La investimento ammonta a 50,56 milioni di dollari, destinati a tecnologia, trasporto e attrezzature agricole. Il quotidiano ufficiale Nhan Dan ha confermato l'informazione, sostenendo che il progetto si basa sulla Legge sugli Investimenti Stranieri cubana e si concentra su “trasformazione e commercializzazione del marañón”, qualificando l'accordo come “un risultato concreto della cooperazione strategica” tra i due governi.

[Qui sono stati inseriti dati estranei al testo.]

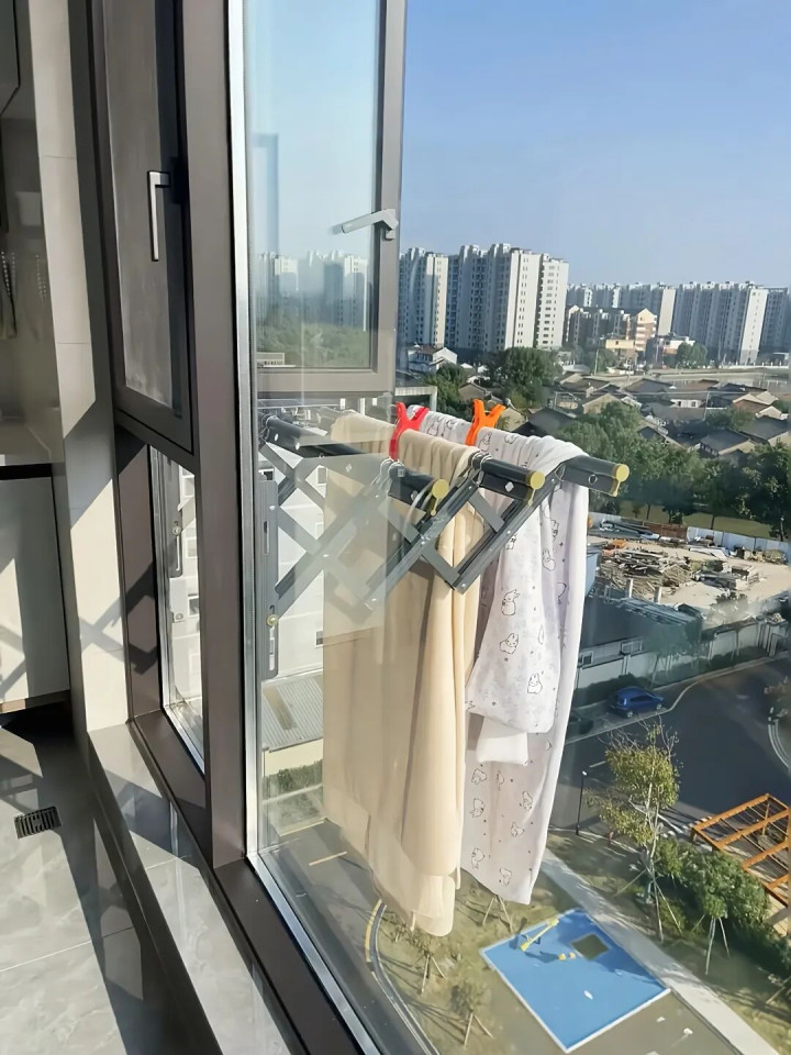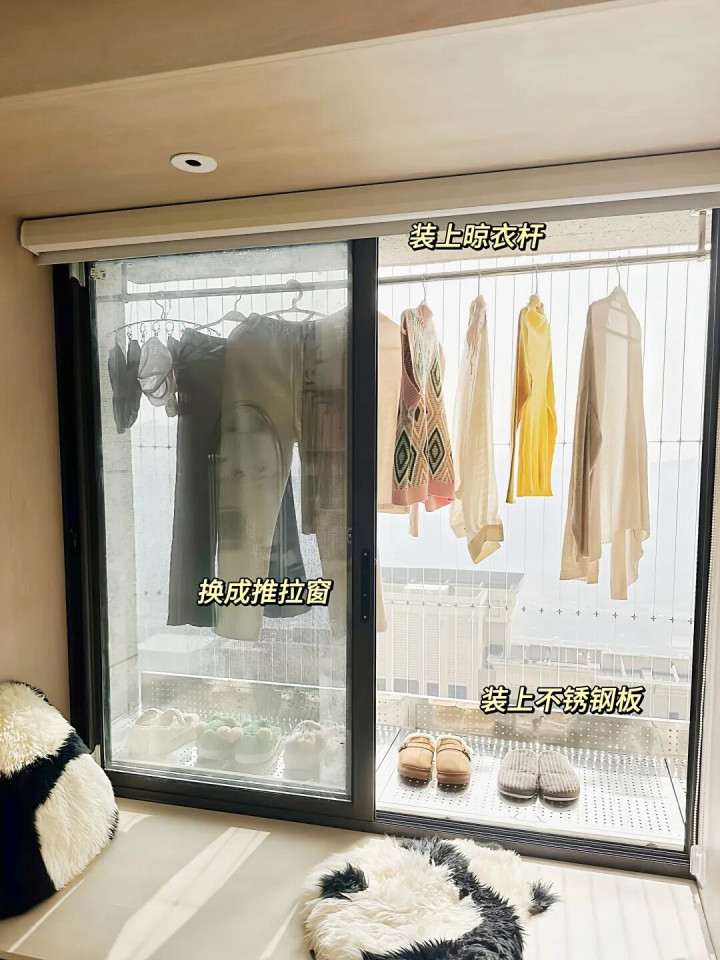 关于住在低层的一又友们来说,窗外装伸缩杆用来晾衣丹心可以,把穿着晾到窗外,不仅管束了空间不及的问题,还能让穿着在阳光下快速干透,竟然个糊口小妙招。

La firma è stata celebrata con solennità dalle autorità di entrambi i paesi. Era presente l'ambasciatore vietnamita Lê Quang Long, il viceministro cubano dell'Agricoltura Telce Abdel González Morera e rappresentanti della provincia di Artemisa.
Ma mentre i discorsi parlano di "amicizia eterna" e "alleanza strategica", la realtà cubana dipinge un quadro diverso, quello di una popolazione intrappolata nella peggiore crisi alimentare ed energetica degli ultimi decenni, in attesa di soluzioni che non arrivano mai da questi progetti multimilionali.
Artemisa, dove sarà installato il nuovo programma, è la stessa provincia che recentemente ha aperto terre incolte a imprese vietnamite per seminare soia, fagiolino, arachidi e anacardi con destinazione preferenziale all'esportazione. I mercati locali, invece, restano vuoti. L'investimento straniero cresce, ma non il cibo sulla tavola del cubano.
Il nuovo annuncio arriva mesi dopo che il Vietnam donerà 15 milioni di dollari al “popolo cubano”, che è stato ricevuto dal governante Miguel Díaz-Canel durante la sua visita a Hanoi e che amplierà quella cifra a 23,3 milioni in una campagna che ha incluso contributi di bambini vietnamiti che “hanno rotto le loro salvadanai”, secondo la propaganda ufficiale.
Anche ha consegnato quattro parchi solari a Mayabeque per alleviare il collasso energetico, un'altra toppa in una rete elettrica devastata che costringe milioni di cubani a vivere tra blackout interminabili.
Nonostante l'ondata di donazioni e investimenti, l'impatto sulla popolazione continua a non vedersi. Il regime non ha spiegato come siano stati utilizzati i milioni ricevuti né quale parte dei progetti agricoli sarà destinata al consumo interno. Quello che è chiaro è che il Vietnam è diventato un sostegno chiave per il governo cubano in un momento di isolamento finanziario e di insolvenze che hanno allontanato Cina e Russia.
Anche le aziende vietnamite hanno mostrato frustrazione per i fondi congelati nelle banche cubane, le difficoltà burocratiche e la mancanza di garanzie per gli investimenti. Tuttavia, il governo del Vietnam continua a fornire capitale, tecnologia ed energia a un'economia che fatica a decollare e a rispondere ai bisogni fondamentali della sua gente.
Il progetto ad Artemisa si presenta come un modello di cooperazione, ma per migliaia di famiglie cubane che oggi cercano disperatamente olio, riso o latte, questi investimenti sembrano iscriversi nella stessa logica di alleanze celebrate in atti ufficiali, mentre la crisi nelle famiglie si approfondisce.
La scelta del marañón come coltura principale del progetto è simbolica, poiché si tratta di un prodotto di nicchia, estraneo alla dieta quotidiana dei cubani, ma attraente per il commercio estero. Una scommessa che rivela le priorità: generare valuta, non alimentare il paese.